Ese contraste adquiere mayor gravedad porque coincidió con un hecho casi ignorado durante el Mundial: la aprobación definitiva del proyecto petrolero Sea Lion, encabezado por la israelí Navitas Petroleum y la británica Rockhopper. Si los plazos previstos se cumplen, la explotación comercial de hidrocarburos comenzará en poco más de un año, fortaleciendo la autonomía económica de las islas y alejando aún más cualquier posibilidad futura de recuperación de la soberanía argentina.
Paradójicamente, un Gobierno que mantiene excelentes vínculos con Israel y el Reino Unido no ha mostrado voluntad de obstaculizar un emprendimiento que puede modificar de manera irreversible el escenario geopolítico del Atlántico Sur. La explotación petrolera consolidaría un enclave económico de enorme valor estratégico frente a las costas argentinas.
La entrega alcanza niveles de obscenidad jamás experimentadas, a esta escala, en los 216 años que conforman nuestra historia nacional desde sus raíces hasta el presente.

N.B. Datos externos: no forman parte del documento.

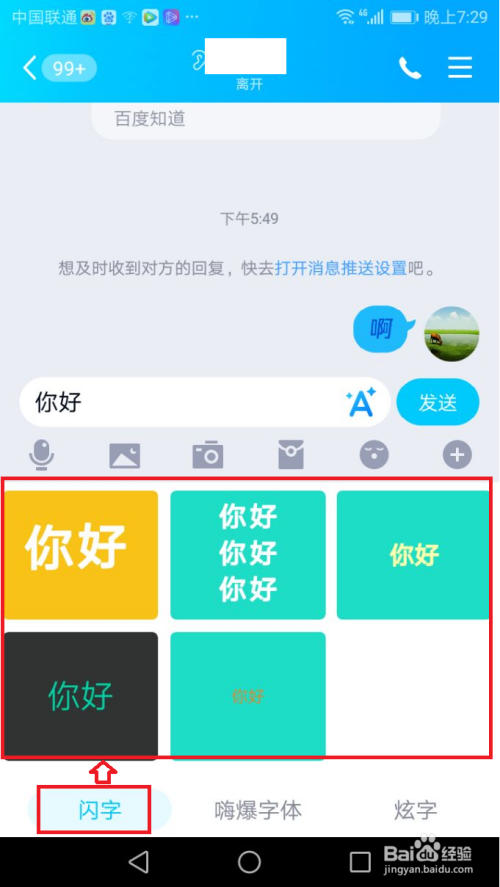 打开手机QQ——打开与老友的聊天窗口——先输入文字——这时输入框就显示一个“A”,点击它。

En ese contexto, la Selección volvió a representar mucho más que un equipo de fútbol. Para millones de argentinos fue el único motivo de orgullo compartido en años difíciles. Por eso sus gestos de rebeldía, desde la bandera de Malvinas hasta el desplante del Cuti Romero al saludo de Donald Trump durante la premiación, adquirieron una dimensión política imposible de ignorar. Recordaron que el fútbol también expresa identidad, soberanía y dignidad nacional; valores que hoy parecen incomodar mucho más al poder que a quienes todavía los sienten como propios.
Y tras bambalinas, un poder furibundo ante tamañas osadías que se le escaparon de su control, y de momento –para variar- una oposición política que saca a relucir su mejor incapacidad para salir a capitalizar con creatividad e inmediatez esta pequeña oportunidad que se les presentó sin haberla visto llegar.
Y el sueño colectivo terminó. Volvimos, como en el cuento, a convertirnos en calabaza. Regresamos al país desigual, áspero y deshilachado que nos espera cada mañana con sus injusticias intactas. Pero esta Selección deja una enseñanza que trasciende largamente al fútbol: ningún poder es invencible cuando enfrente encuentra convicción, inteligencia y coraje. Un puñado de deportistas profesionales logró instalar en el centro del debate internacional una causa que la dirigencia había resignado al silencio y demostró que incluso los intereses más enquistados de Occidente pueden ser desafiados. Las gestas populares no nacen de la resignación. Nacen de la voluntad de hacer aquello que todos los demás consideran imposible. Tragar saliva, acumular valor, abrazarnos unos a otros. Y arremeter con todas nuestras fuerzas.